18 StatCrunch.com allows you to select your level of confidence before it prints out the applicable y values. The statistics textbook recommends using such a computer program, instead of a calculator and formula, because otherwise “roundoff error” accumulates to distort your results. Moore, Basic Practice 606.
19 We use “standard error” instead of standard deviation, sigma, for such an invisible bell curve, because sigma remains an unknown population parameter, which we try to estimate with our clumsy statistics, based on our samples, an inexact science, but it’s still the best tool in our drawer for estimating the unknowns, such as the slope of the trendline, its y-intercept, r, and the mean value of y, given x. Phillips, How to Think 96-9. Moore, Basic Practice 603.
20 William Poundstone, Fortune’s Formula (New York: Hill & Wang, 2005) 177.

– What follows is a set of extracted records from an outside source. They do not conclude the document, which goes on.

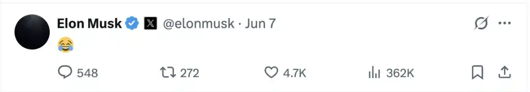 6 月 6 日,在公开骂战的第二天,特朗普与马斯克分别向外界释放了「和解信号」——前者称与马斯克沟通进展顺利,且已经安排通话;后者则在投资大佬比尔·阿克曼锐评二者「合则两利、分则两伤」的推文下做出正面回应,称其是对的。
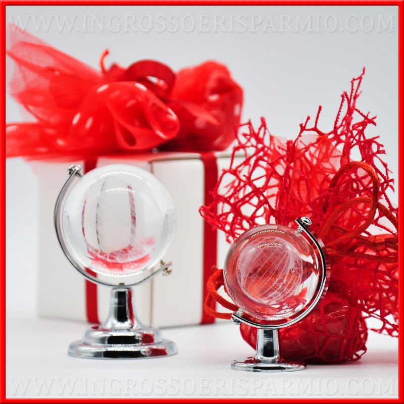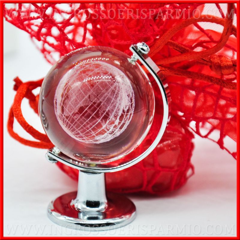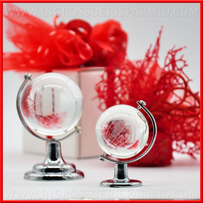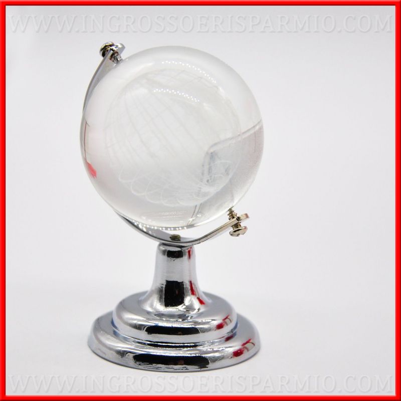 Particolari mappamondi in vetro con sostegno in metallo. Nella palla di vetro, vi è un ulteriore sfera di vetro inglobata in vetro satinato che sagoma il globo terrestre e regala uno stupendo effetto ottico.
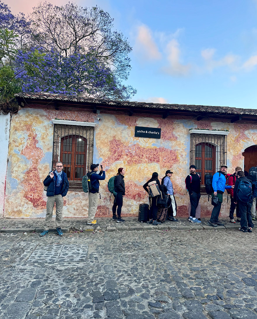 Midday: arrive back down feeling elated and happy at what you’ve seen and done. Below you see us with our group of fellow climbers. Then drive to Antigua.
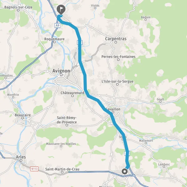 Au rond-point, prendre la 2ème sortie sur N7 (Route d'Avignon) et continuer sur 950 mètres
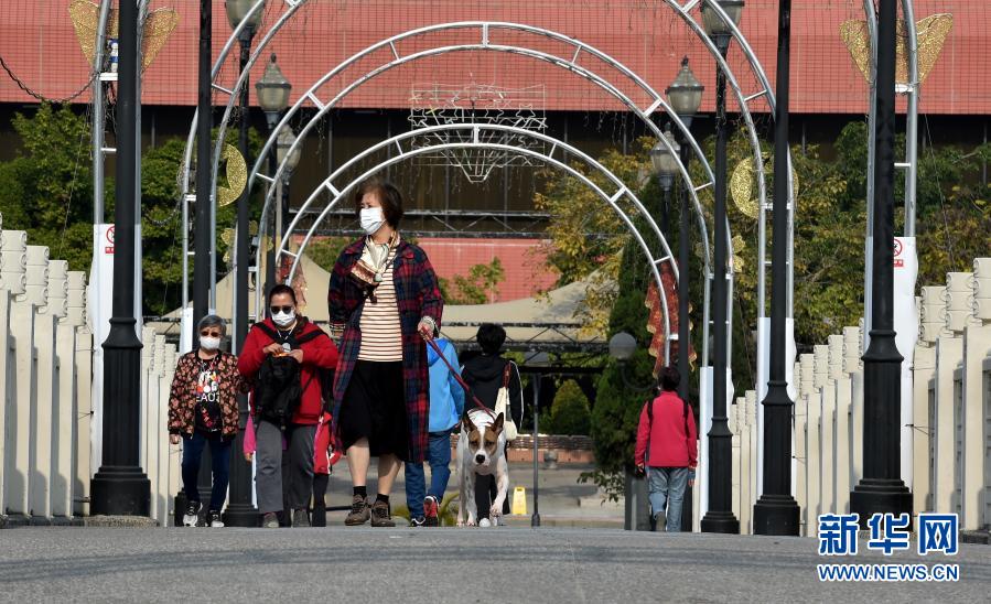1月26日,戴口罩的市民在香港沙田公园里散步。新华社记者 卢炳辉 摄
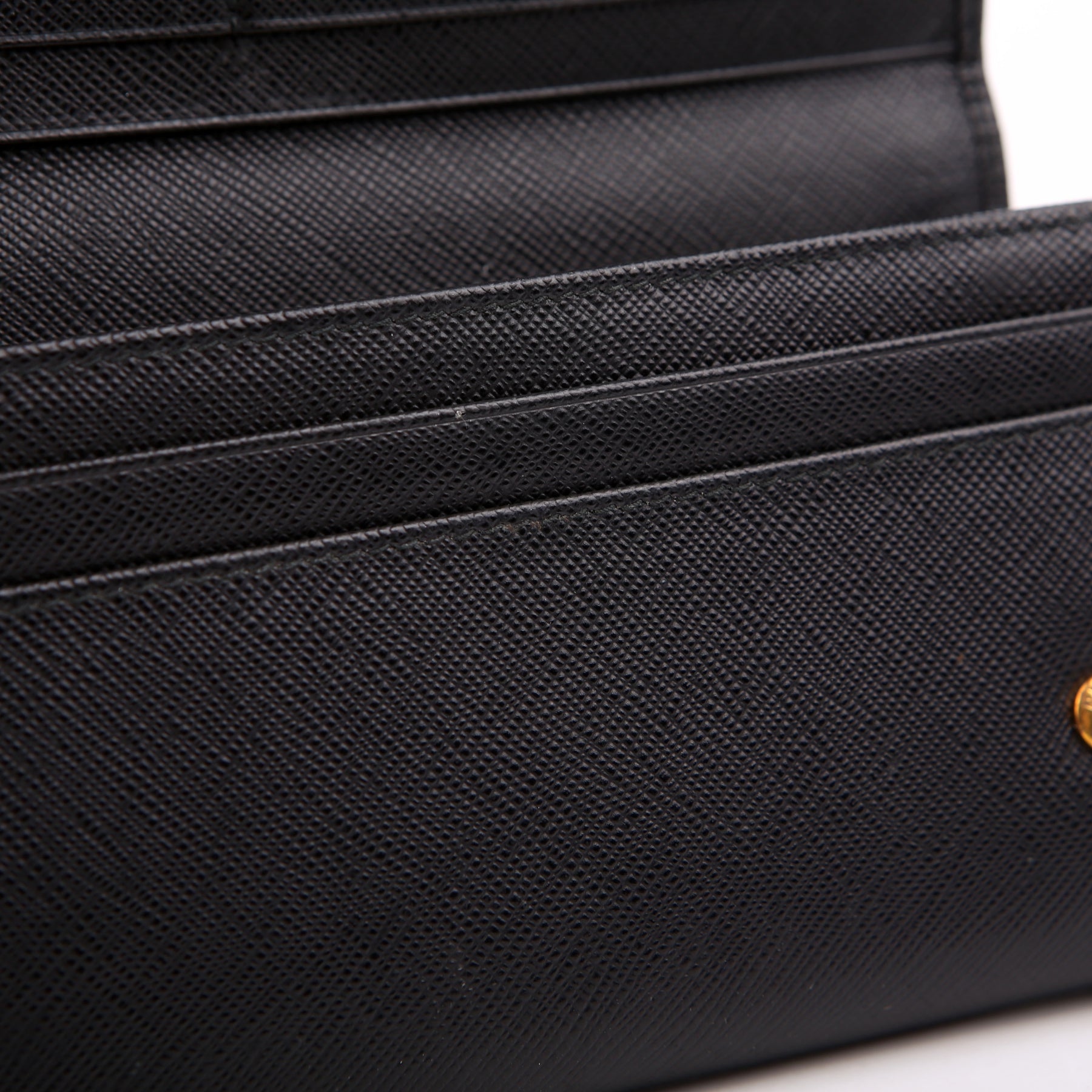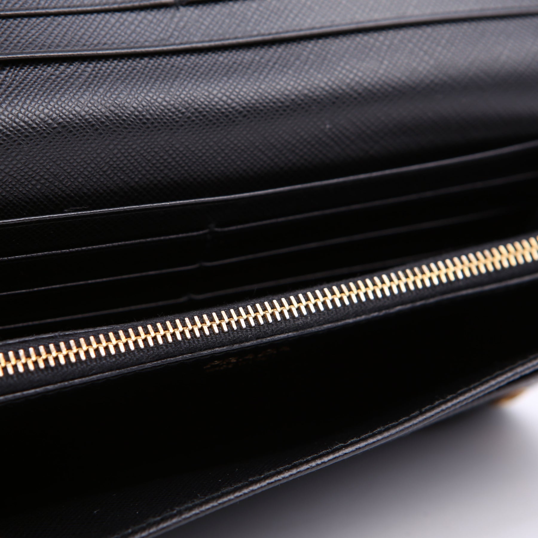 Interior: The interior is clean and free of any major signs of wear. The interior features six bill slots, ten card slots, one zip closure coin pouch, and one removable card case.
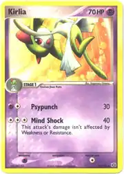 Kirlia (Japanese: キルリア Kirlia) is a Psychic-type Stage 1 Pokémon card. It is part of the EX Emerald expansion.

21 Regression to the mean is a tendency of nature. We get the term from the study of heredity. It was observed that unusually tall parents tended to have children shorter than them, viz. height regressed to the mean. Moore, Basic Practice 129.
* * *
“If you wish to be good, first believe that you are bad,” says the master of ethics.22 And to combat hubris in investing: if you wish to predict something, first believe it is unpredictable. The trendline formula offers the appearance of precision for something imprecise, so it can be hazardous. Once this is realized, however, the formula assists us by telling us more than we’d know without it. And I’d say that’s enough to make it worth knowing.
© Stephen Doty 2019
22Epictetus, Enchiridion trans. by George Long (Mineola, NY: Dover, 2004) 24.